Imagine you’re a professional thief, planning to rob houses along a street. Each house is filled with a certain amount of cash, but there’s a catch - the houses have interconnected security systems. If two adjacent houses are broken into on the same night, the alarm will go off. Given an array of non-negative integers representing the cash in each house, your task is to calculate the maximum amount of money you can steal in one night without setting off the alarms.

Let’s say the amount of money in each house is represented by the elements in an array nums. If you choose to rob the first house (num[0]), your next options are the third or fourth house (num[2] or num[3]). If you choose the second house (num[1]), your next options are the fourth or fifth house (num[3] or num[4]).

If we use recursion to solve this problem, num[3] will be calculated multiple times, which is inefficient. This leads us to consider using dynamic programming to solve this problem.

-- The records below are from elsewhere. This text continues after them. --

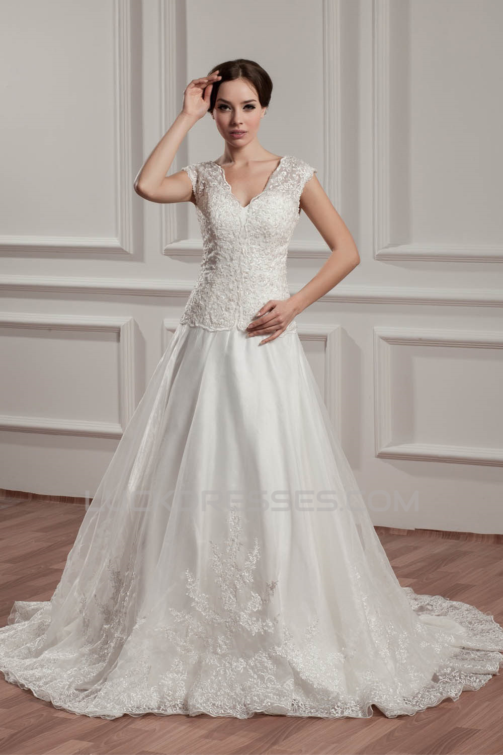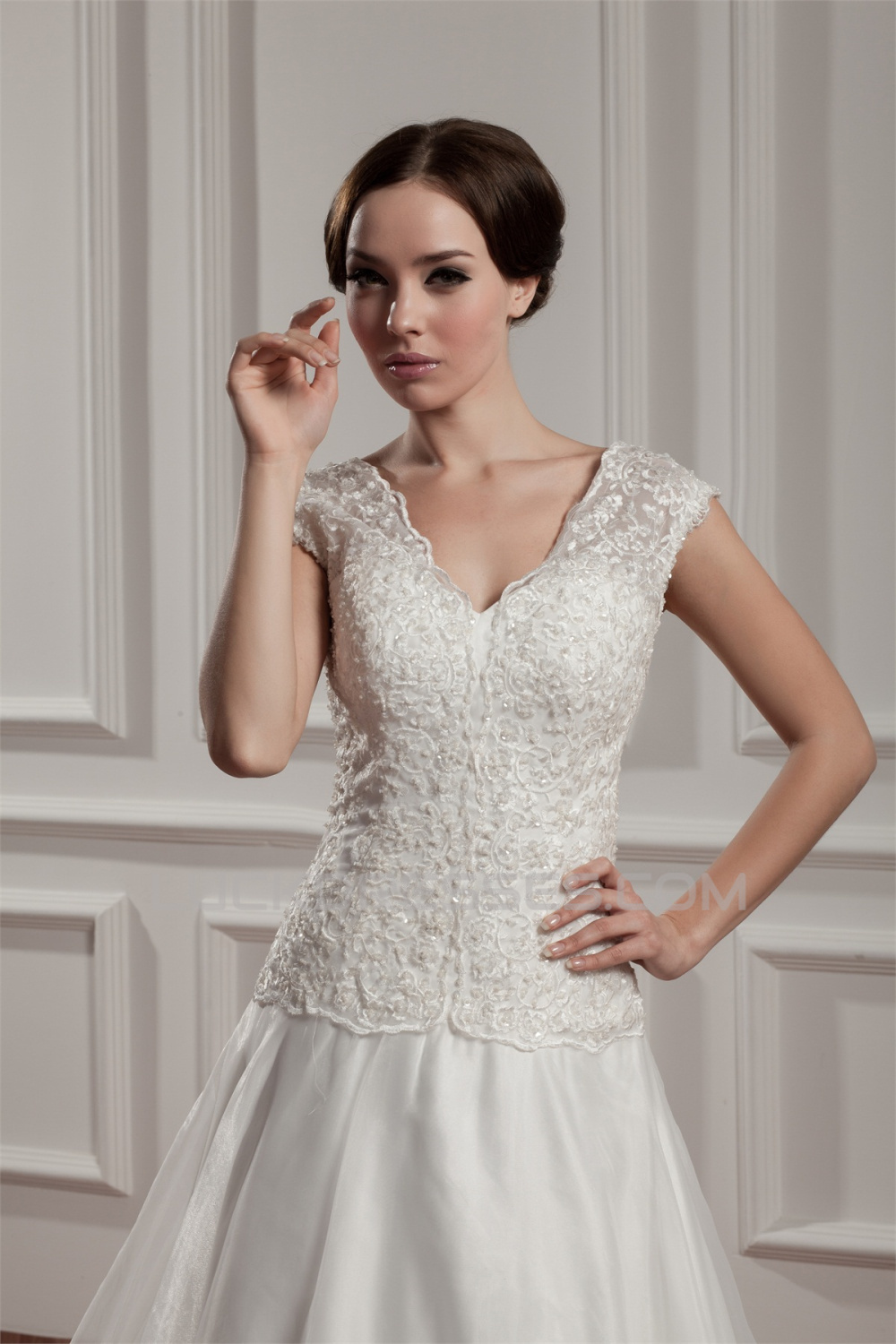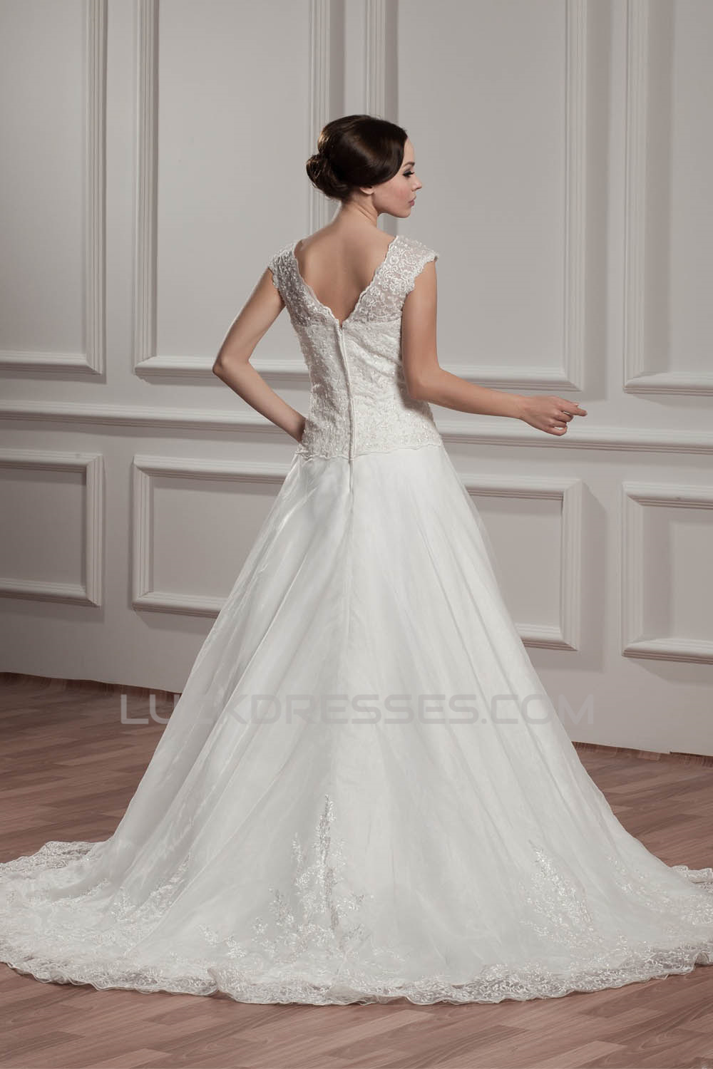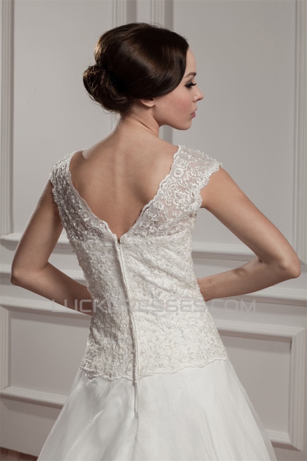 Breathtaking V-Neck A-Line Satin Organza V-Neck Lace Wedding Dresses 2030647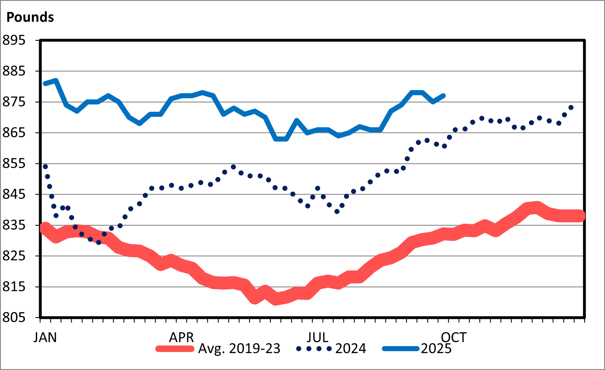 Low discounts on heavy carcasses by packers has allowed this continue with packers willing to harvest fewer cattle at higher weights which has caused total beef production to remain similar to 2024 YTD. Cattle weighing 900-1000 lbs., 1000-1050 lbs., and over 1050 lbs. are currently being discounted approximately $1 , $4, and $15 per cwt, respectively. These discounts have remained constant within the last 4 years. For carcass weights to change, grid discounts would need to increase, and corn would have to remain cheap as feeder cattle prices will certainly be higher into the future.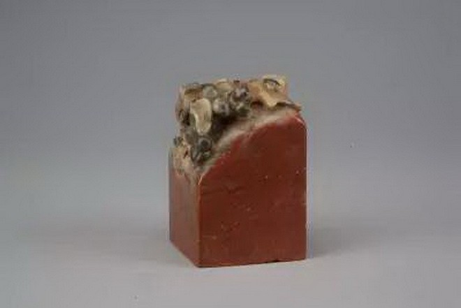 “恭俭惟德”玺,清道光,寿山石质,随形雕灵芝葡萄纽方形玺,汉文篆书。面6cm见方,通高9.5cm。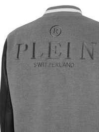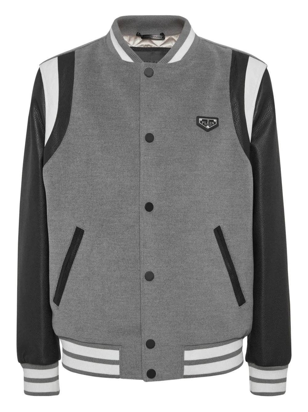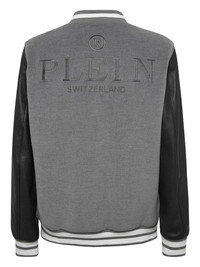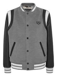 panelled bomber jacket Highlights - Grey - Contrast sleeves - Embroidered logo detailing - Press-stud fastening - Ribbed cuffs and hem - Quilted lining Imported Composition Outer: Lamb Skin 100%, Polyester 64%, Viscose 33%, Spandex/Elastane 3% Lining: Polyester 100% Washing instructions Read Manufacturer Guidelines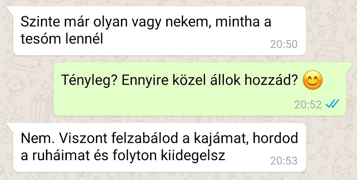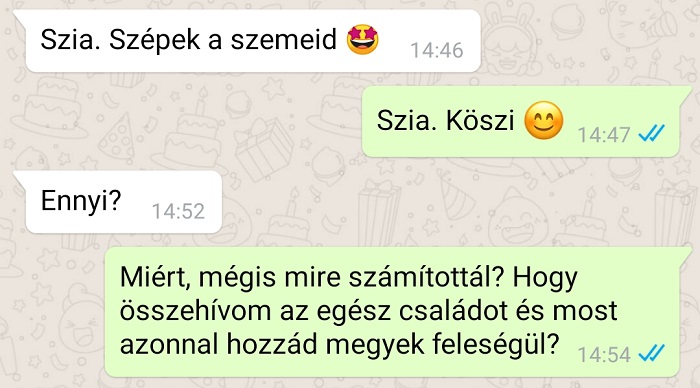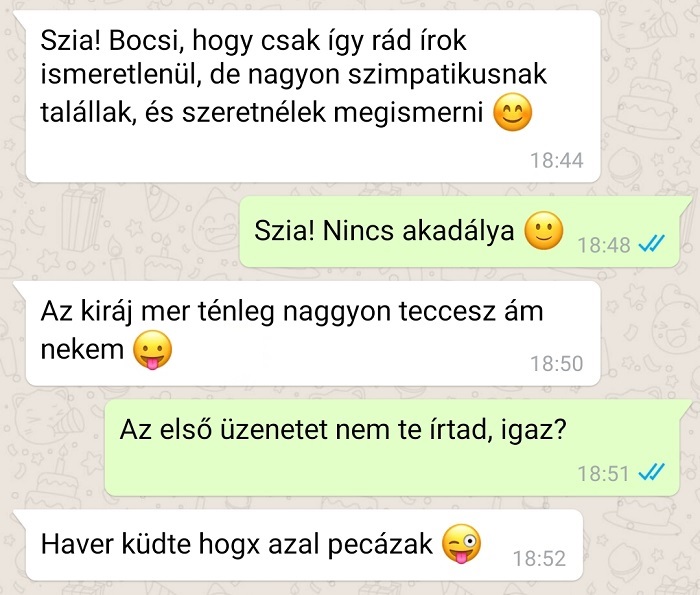 Az üzenet elküldésekor még nem tudhatjuk, hogy miféle válasz érkezik rá vissza. Ha jól ismerjük az adott illetőt, akinek üzentünk, akkor azért lehet némi elképzelésünk, de mivel nem látjuk a másik reakcióját az üzenetünk olvasásakor, ezért nem mehetünk biztosra. Olykor egészen fordulatos beszélgetések is kikerekedhetnek egy-egy átlagosnak induló üzenetváltásból is. Olyanok, amiket még a fordulatokkal és izgalmakkal teletűzdelt filmek rendezői is megirigyelnének. Ezúttal olyan üzenetváltásokba nyerhettek betekintést, amikben a végére maradt a fordulat. Az izgalmas hollywoodi filmek esetében is megszokhattuk már, azok számítanak igazán szórakoztatónak, amikben a végén következik be a csattanó, és ez hasonlóan érvényes ezekre a hétköznapi üzenetváltásokra is.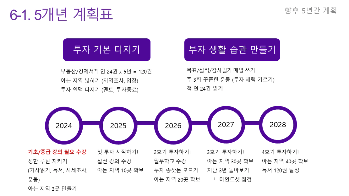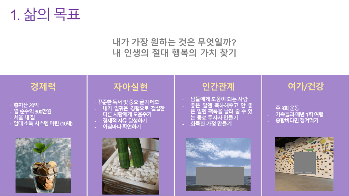 "똘똘한 한채 마련하기, 투자 잘하기" 처럼 내가 원하는 최종 목표가 뭔지, 어떤 삶을 살고 싶었는지에 대한 비전 없이 투자 공부를 하려니 크게 동기부여나 마음에 와닿지가 않았는데요. 근데 비전보드 작성하면서 내가 어떤 목표를 가지고 열심히 해야하는지가 잡히니까 더욱 동기부여 되는거 같습니다. 이번에도 일주일, 한달하고 그만 두지 말고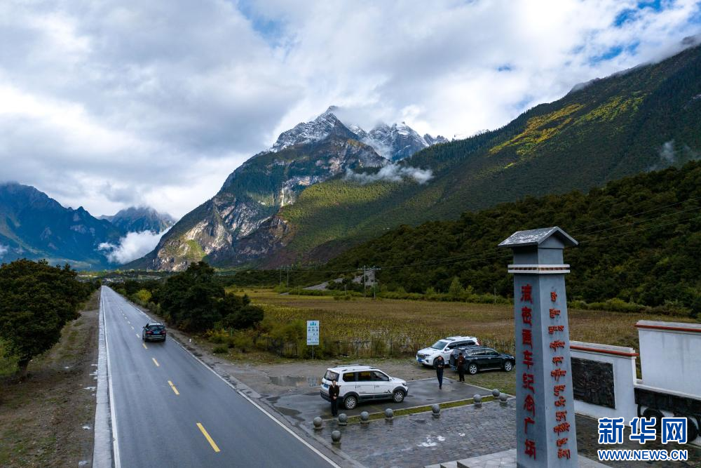 10月11日拍攝的波密通車(chē)紀(jì)念廣場(chǎng)(無(wú)人機(jī)照片)。2020年,西藏波密縣通過(guò)查閱文獻(xiàn)史料、比對(duì)老照片、咨詢(xún)當(dāng)?shù)乩先?、遠(yuǎn)程連線老一輩同志等方式,考證出當(dāng)時(shí)舉行通車(chē)典禮的地點(diǎn)為今波密縣松宗鎮(zhèn)角達(dá)村國(guó)道318旁。為紀(jì)念這一歷史事件,2021年4月波密縣在此處修建了波密通車(chē)紀(jì)念廣場(chǎng)。新華網(wǎng) 旦增努布 攝
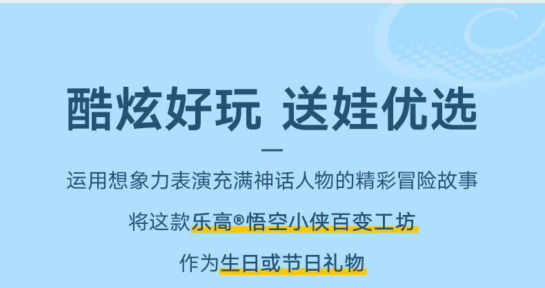 可搜集的乐高悟空小侠系列盒组灵感来自经典小说《西游记》,让大人以现代又好玩的方式跟孩子分享孙悟空传说。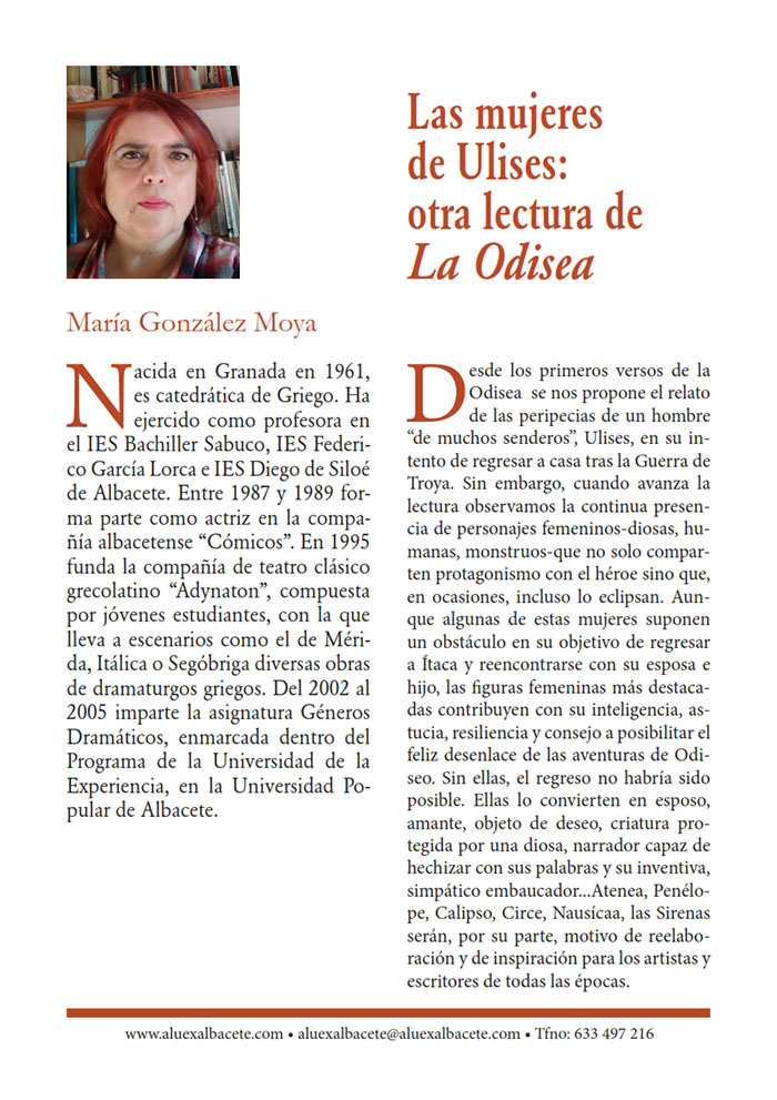 10 de abril 2023. 19ª Conferencia: LAS MUJERES DE ULISES: OTRA LECTURA DE LA ODISEA. María González Moya. Catedrática en Filología Clásica.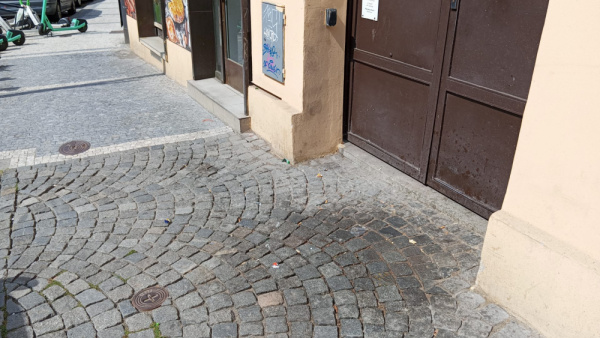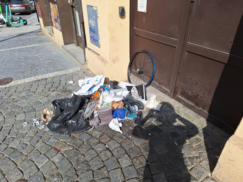 Ulice Husitská 37 někdo asi v noci udělal nepořádek před domem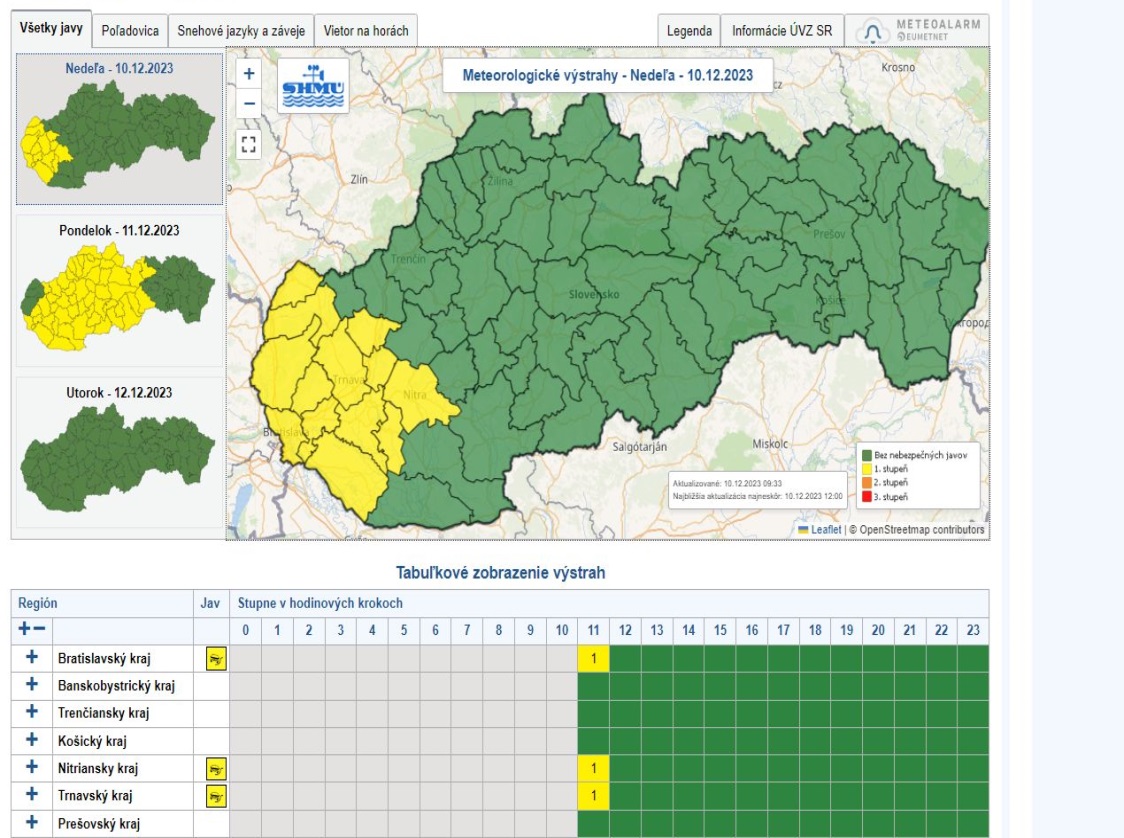 Az ezzel kapcsolatos elsőfokú figyelmeztetés teljes Pozsony és Nagyszombat megyére vonatkozik, ezen kívül a Nyitrai és a Vágsellyei járásra is

In other words, for each house, we calculate the maximum profit if we choose to rob that house. Let’s start from the house with the highest number:

Remaining Maximum House Number Maximum Profit Denoted as
0 num[0] dp[0]
1 max(num[0],num[1]) dp[1]
2 max(num[2]+dp[0],dp[1]) dp[2]
3 max(num[3]+dp[1],dp[2]) dp[3]
4 max(num[4]+dp[2],dp[3]) dp[4]
n max(num[n]+dp[n-2],dp[n-1]) dp[n]

Here’s how we can implement this in JavaScript:

/**
 * @param {number[]} nums
 * @return {number}
 */
var rob = function (nums) {
    const dp = new Array(nums.length)
    dp[0] = nums[0]
    if (nums.length > 1) {
        dp[1] = Math.max(nums[0], nums[1])
        for (let i = 2; i < nums.length; i++) {
            dp[i] = Math.max(nums[i] + dp[i - 2], dp[i - 1])
        }
    }
    return dp[dp.length - 1]
};

This algorithm ensures that we’re always choosing the option that gives us the maximum profit, while avoiding the risk of setting off the alarms. It’s a perfect example of how dynamic programming can help us solve complex problems in an efficient way.